With his bald head and cheery grin, Wilf McGuinness is one of the stars of the sporting After Dinner Circuit.

As a former player and manager of Manchester United, his ties with the club go back a long way. When United appointed Wilf as successor to Sir Matt Busby in 1969, no one doubted the size of his task. Although he had already served the club for almost 17 years, he faced a daunting situation as replacement for one of the game’s greatest managers, in one of the most prestigious managerial seats in the business.

His playing career ended through injury when he was only 22 and he joined United’s training staff. McGuinness was involved in the preparation of several England teams, including the 1966 World Cup squad, and on 9 April 1969 it was announced that he was being appointed United’s chief coach in readiness for Busby’s retirement at the end of the season.

On 1 June 1969 he was given the manager’s job; in December 1970, he lost the position and reverted to trainer-coach of the reserve team.

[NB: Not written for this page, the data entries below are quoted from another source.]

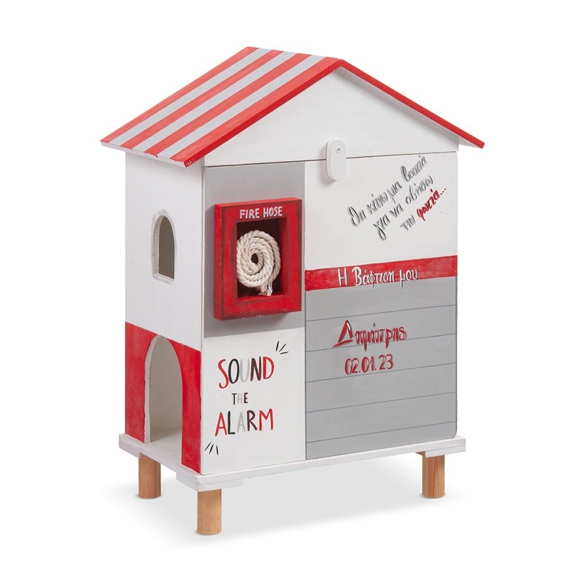 Fire Alarm…Το πυροσβεστικό. Ξύλινο κουτί βαπτιστικών σε σχήμα οχήματος. Το κουτί είναι ζωγραφισμένο σε κόκκινο χρώμα και απεικονίζει ένα πυροσβεστικό.
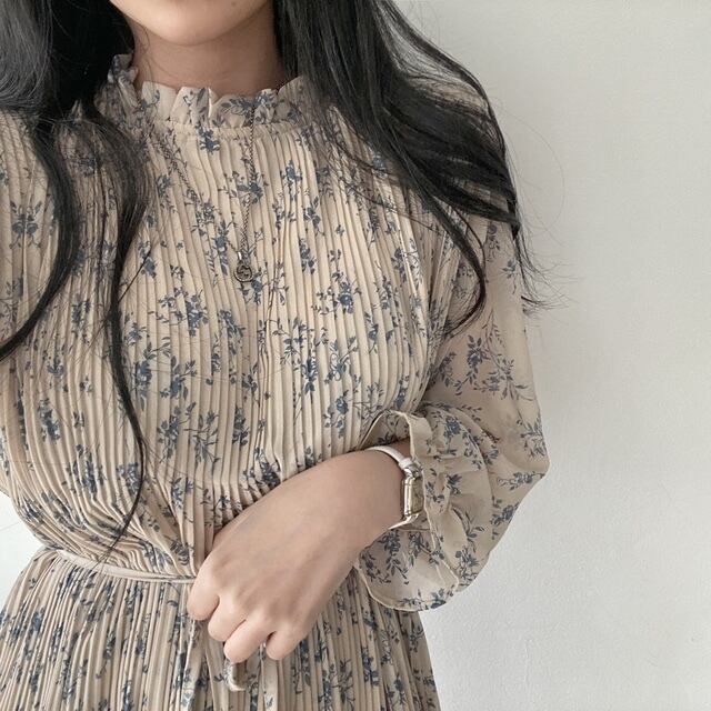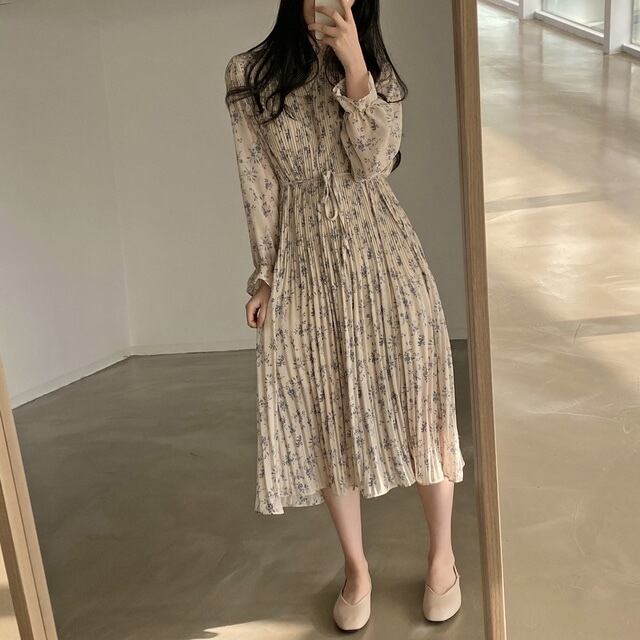 ワンピース レディース プリーツ スカート ハイウエスト 花柄 小花柄 ウエストマーク ミドル丈 ミドル丈ワンピース トランペットスリーブ ボトルネック プリーツ フェミニン エレガンス 送料無料 上品 お嬢様 学生 通学 通勤 韓国 ファッション コーデ コーディネート 春 デート おでかけ おさんぽ 女子会 ママ お呼ばれ 可愛い 綺麗 大人 大人女子 大人可愛い レディー レトロ ヴィンテージデザイン ラグジュアリー 重ね着 10代 20代 30代 リボン プチプラ
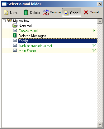 Highlight the folder to which you'd like Pegasus to move your e-mail and click the Open button.
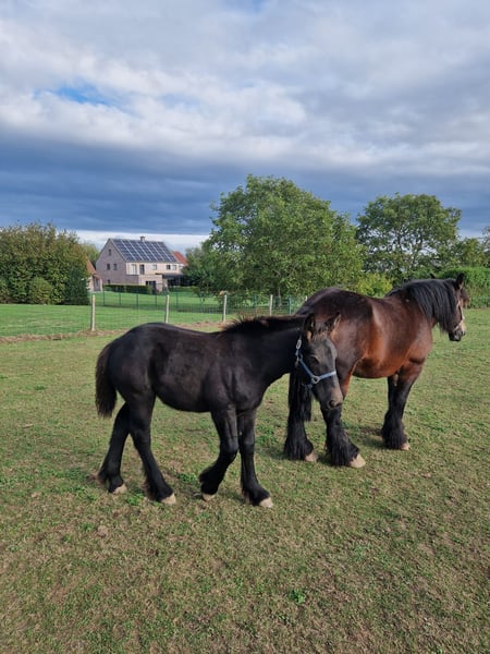 Poulain de mâle de trait brabançon. Entièrement noir. Âgé de 5 mois. Très bien conformé.

The concept of promoting from within had not worked for United and McGuinness had probably found it difficult to manage players who were established internationals and who had achieved so much more than him as a player. However, McGuinness’s record achieved minor successes as United’s manager – two League Cup semi-finals and one FA Cup semi-final – but he could not provide the League and European glory that the club so desperately needed.

Wilf later managed the Greek club, Aris Salonika, and then York City. In 1986, McGuinness was on the coaching staff at Bury and is now much sought after for his wit as an after-dinner speaker and football commentator. He often regales his audiences with stories of players like George Best and Bobby Charlton as well as the many characters he has come across in the business of football.